BEGIN

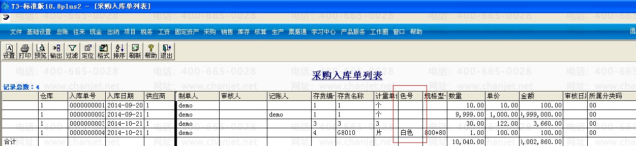 8.在采购管理模块,新增一张采购入库单,可以看到色号已经显示出来了。
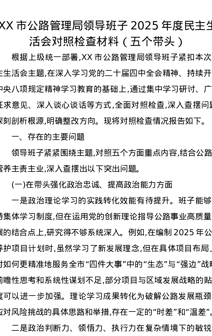 XX市公路管理局领导班子2025年度xxxxx对照检查材料(五个带头)
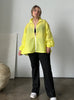 - This jacket is made out of a lightweight, non-stretchy material and features a zipper up the front, long sleeves, two pockets, and elastic at the sleeve cuffs.
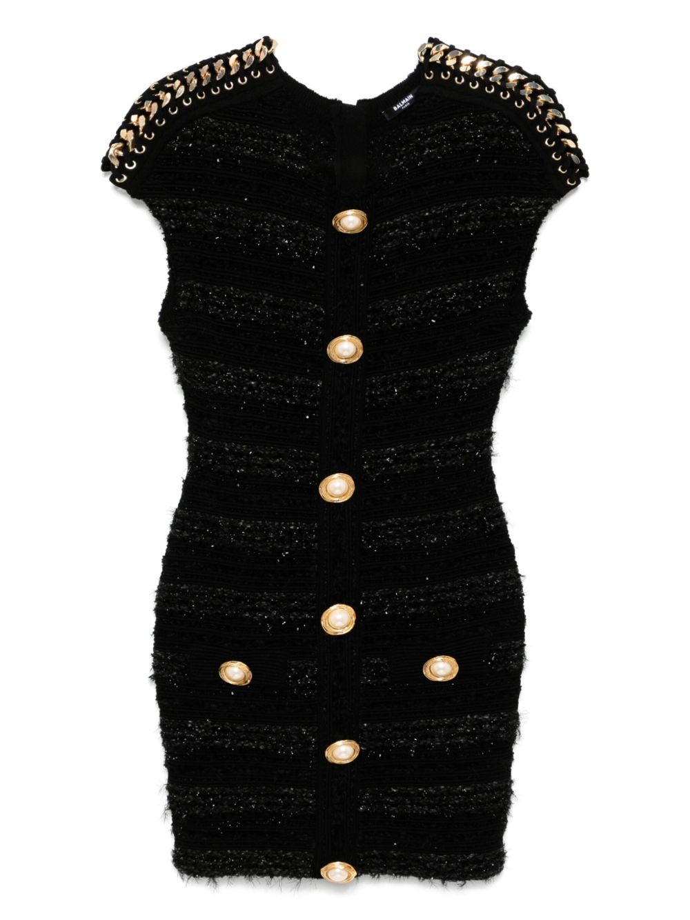 tweed dress Highlights - Black - Rear zip fastening - Cap sleeves Made in France Composition Outer: Viscose 60%, Polyester 14%, Polyamide 13%, Polyurethane 5%, Cotton 5%, Linen/Flax 2%, Wool 1% SIZE & FIT Model measurements Height 5 ft 10 in(1.78 m) Bust/Chest 29.92 in(76 cm) Hips 34.64 in(88 cm) Waist 24.8 in(63 cm) FittingInformation Designed for a slim fit that sits just away from the body offering a close yet comfortable fit Made from a heavyweight non-stretch fabric Washing instructions Dry Clean Only
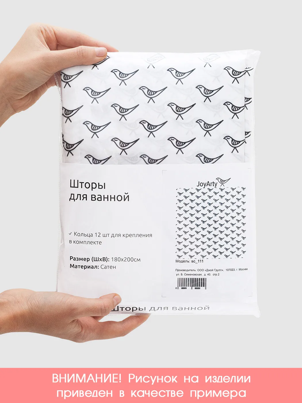 Комплектация: шторка для ванной 180х200 см, крючки - 12 шт. Материал: сатен; состав: полиэстер 100%. Плотность: 80 гр/кв.м.Шторка для душа JoyArty станет ярким акцентом ванной комнаты. Изделие из 100% полиэстера плотностью 80 г/м2 обработано водоотталкивающей пропиткой, благодаря чему защищает пол от брызг и влаги. Фотоштора для ванны не нуждается в утяжелителях и магнитах, она прекрасно расправляется под собственным весом. Шторка, размером 180х200 см идет в комплекте с 12 крючками, отверстия для которых качественно и надежно обработаны оверлоком и не имеют люверсов. Рисунок нанесен на внешнюю сторону изделия с помощью сублимационной печати, такие принты не боятся влаги и не смываются под горячей водой. Обратная сторона шторки - белая, но рисунок просвечивает.
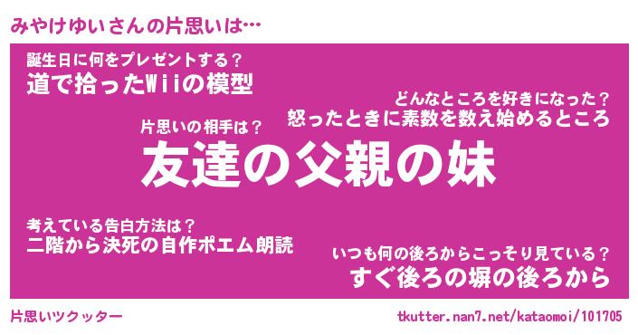 | ヘコむあだ名 | 『みやふぇ~』『豆乳』『みや太郎』 |
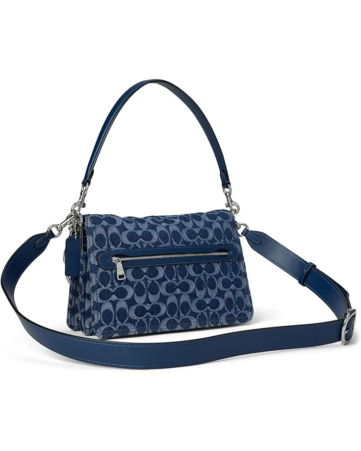 - Carry your dignity with the COACH™ Chain Tabby Shoulder Bag In Signature Denim. Crafted from cotton, and leather, this bag features magnetic snap closure, one detachable chain strap, one detachable shoulder strap, one detachable, adjustable crossbody strap, interior snap and interior multifunction pockets. It comes with one exterior zippered pocket, and brand detailing on the front..
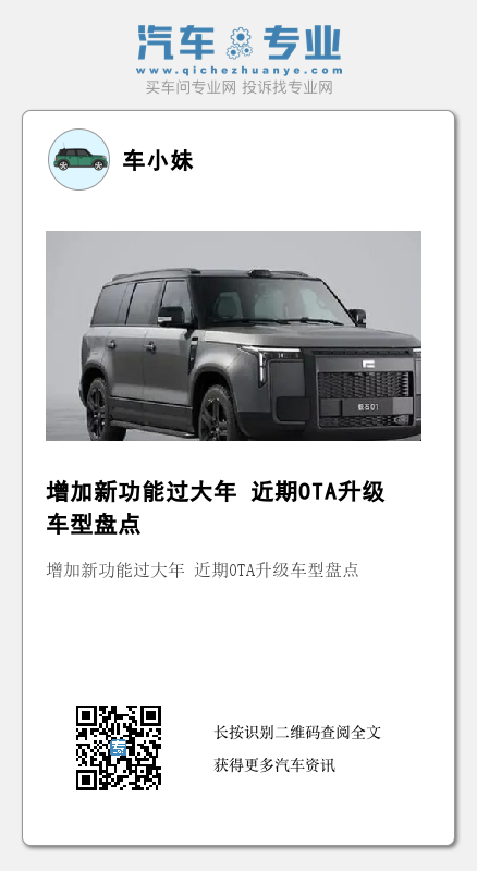 OTA英文全称是Over-the-Air-Technology,即空间下载技术的意思。通过网络从远程服务器下载新的软件更新包对自身系统进行升级。OTA进行细分有三种,分别是SOTA、FOTA和DOTA。其中SOTA是基于影音娱乐APP进行升级;FOTA是基于底层控制软件所带来的升级,而DOTA则是故障诊断和在线修复的升级。今天就来为大家盘点一下近期进行了OTA升级的车型。
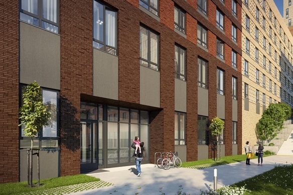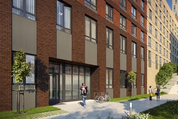 Входные группы просторные, с помещениями для хранения велосипедов и колясок и комнатами консьержей. Удобны и входы в подъезды, оборудованные на уровне земли.
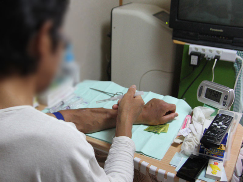 | 通院透析 | 毎食前のリン吸着剤のほか、 造血剤ほか十数種類を服用 |

END

◆ **What this task involves**
Retype the lines above exactly as they appear, from the line containing "- Carry your" through the line containing "OTA英文全称是Over-t", and leave out any pictures.

◆ **Response below**
 - Carry your dignity with the COACH™ Chain Tabby Shoulder Bag In Signature Denim. Crafted from cotton, and leather, this bag features magnetic snap closure, one detachable chain strap, one detachable shoulder strap, one detachable, adjustable crossbody strap, interior snap and interior multifunction pockets. It comes with one exterior zippered pocket, and brand detailing on the front..
 OTA英文全称是Over-the-Air-Technology,即空间下载技术的意思。通过网络从远程服务器下载新的软件更新包对自身系统进行升级。OTA进行细分有三种,分别是SOTA、FOTA和DOTA。其中SOTA是基于影音娱乐APP进行升级;FOTA是基于底层控制软件所带来的升级,而DOTA则是故障诊断和在线修复的升级。今天就来为大家盘点一下近期进行了OTA升级的车型。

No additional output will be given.